Required action:
Word for word, restate the entries below from their first line through the line that contains "Рукоделие, магазин по".
==== Data to examine ====
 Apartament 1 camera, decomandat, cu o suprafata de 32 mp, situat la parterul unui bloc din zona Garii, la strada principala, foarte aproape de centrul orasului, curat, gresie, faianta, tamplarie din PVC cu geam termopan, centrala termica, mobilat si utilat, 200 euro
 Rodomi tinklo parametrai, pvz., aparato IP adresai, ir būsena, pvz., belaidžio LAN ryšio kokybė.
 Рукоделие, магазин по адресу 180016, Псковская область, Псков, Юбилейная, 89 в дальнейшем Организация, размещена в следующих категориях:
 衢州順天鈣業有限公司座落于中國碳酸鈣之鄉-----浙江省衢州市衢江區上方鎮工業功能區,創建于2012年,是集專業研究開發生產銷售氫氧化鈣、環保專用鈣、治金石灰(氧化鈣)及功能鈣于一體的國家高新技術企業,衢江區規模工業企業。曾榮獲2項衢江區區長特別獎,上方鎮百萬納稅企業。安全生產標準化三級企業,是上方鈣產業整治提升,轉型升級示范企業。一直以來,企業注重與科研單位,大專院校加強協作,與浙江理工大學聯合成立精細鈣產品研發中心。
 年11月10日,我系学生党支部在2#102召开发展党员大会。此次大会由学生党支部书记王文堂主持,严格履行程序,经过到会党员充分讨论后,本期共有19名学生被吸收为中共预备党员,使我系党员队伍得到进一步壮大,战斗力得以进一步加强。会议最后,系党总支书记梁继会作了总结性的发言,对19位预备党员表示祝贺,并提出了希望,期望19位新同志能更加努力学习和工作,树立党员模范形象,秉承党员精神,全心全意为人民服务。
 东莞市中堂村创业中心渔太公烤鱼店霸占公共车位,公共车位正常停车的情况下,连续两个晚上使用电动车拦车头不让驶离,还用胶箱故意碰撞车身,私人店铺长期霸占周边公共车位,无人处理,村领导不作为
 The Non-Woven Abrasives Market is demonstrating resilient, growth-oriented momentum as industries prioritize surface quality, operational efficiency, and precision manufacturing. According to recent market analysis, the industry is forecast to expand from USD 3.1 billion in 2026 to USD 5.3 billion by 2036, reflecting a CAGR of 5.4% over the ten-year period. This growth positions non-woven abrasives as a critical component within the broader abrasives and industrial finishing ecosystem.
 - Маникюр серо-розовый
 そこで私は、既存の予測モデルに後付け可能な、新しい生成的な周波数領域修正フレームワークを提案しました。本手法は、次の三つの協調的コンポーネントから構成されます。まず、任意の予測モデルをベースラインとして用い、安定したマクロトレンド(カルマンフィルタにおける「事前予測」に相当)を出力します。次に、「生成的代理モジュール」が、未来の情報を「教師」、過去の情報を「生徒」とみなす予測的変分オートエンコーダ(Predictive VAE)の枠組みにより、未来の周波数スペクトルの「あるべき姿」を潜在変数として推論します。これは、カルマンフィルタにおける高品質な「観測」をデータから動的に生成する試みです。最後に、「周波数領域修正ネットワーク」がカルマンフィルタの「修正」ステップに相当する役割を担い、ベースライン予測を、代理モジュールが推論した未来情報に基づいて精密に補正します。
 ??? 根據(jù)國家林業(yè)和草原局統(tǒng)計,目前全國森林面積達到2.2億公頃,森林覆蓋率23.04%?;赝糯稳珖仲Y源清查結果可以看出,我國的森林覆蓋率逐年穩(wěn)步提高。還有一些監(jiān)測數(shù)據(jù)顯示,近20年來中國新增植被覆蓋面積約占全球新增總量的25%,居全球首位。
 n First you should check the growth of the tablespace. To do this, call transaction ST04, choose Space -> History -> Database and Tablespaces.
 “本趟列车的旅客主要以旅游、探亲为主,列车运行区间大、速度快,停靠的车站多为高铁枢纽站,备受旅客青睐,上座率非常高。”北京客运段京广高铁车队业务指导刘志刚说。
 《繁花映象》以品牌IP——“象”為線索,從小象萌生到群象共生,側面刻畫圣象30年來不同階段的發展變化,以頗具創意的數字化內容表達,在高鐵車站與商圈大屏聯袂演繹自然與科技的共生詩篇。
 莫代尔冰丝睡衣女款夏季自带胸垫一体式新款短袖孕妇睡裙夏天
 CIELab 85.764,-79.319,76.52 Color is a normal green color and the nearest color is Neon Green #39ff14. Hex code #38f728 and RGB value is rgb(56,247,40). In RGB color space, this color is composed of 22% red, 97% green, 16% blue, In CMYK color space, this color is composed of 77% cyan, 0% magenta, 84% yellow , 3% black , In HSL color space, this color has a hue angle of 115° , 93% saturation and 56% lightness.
====
Solution:
 Apartament 1 camera, decomandat, cu o suprafata de 32 mp, situat la parterul unui bloc din zona Garii, la strada principala, foarte aproape de centrul orasului, curat, gresie, faianta, tamplarie din PVC cu geam termopan, centrala termica, mobilat si utilat, 200 euro
 Rodomi tinklo parametrai, pvz., aparato IP adresai, ir būsena, pvz., belaidžio LAN ryšio kokybė.
 Рукоделие, магазин по адресу 180016, Псковская область, Псков, Юбилейная, 89 в дальнейшем Организация, размещена в следующих категориях:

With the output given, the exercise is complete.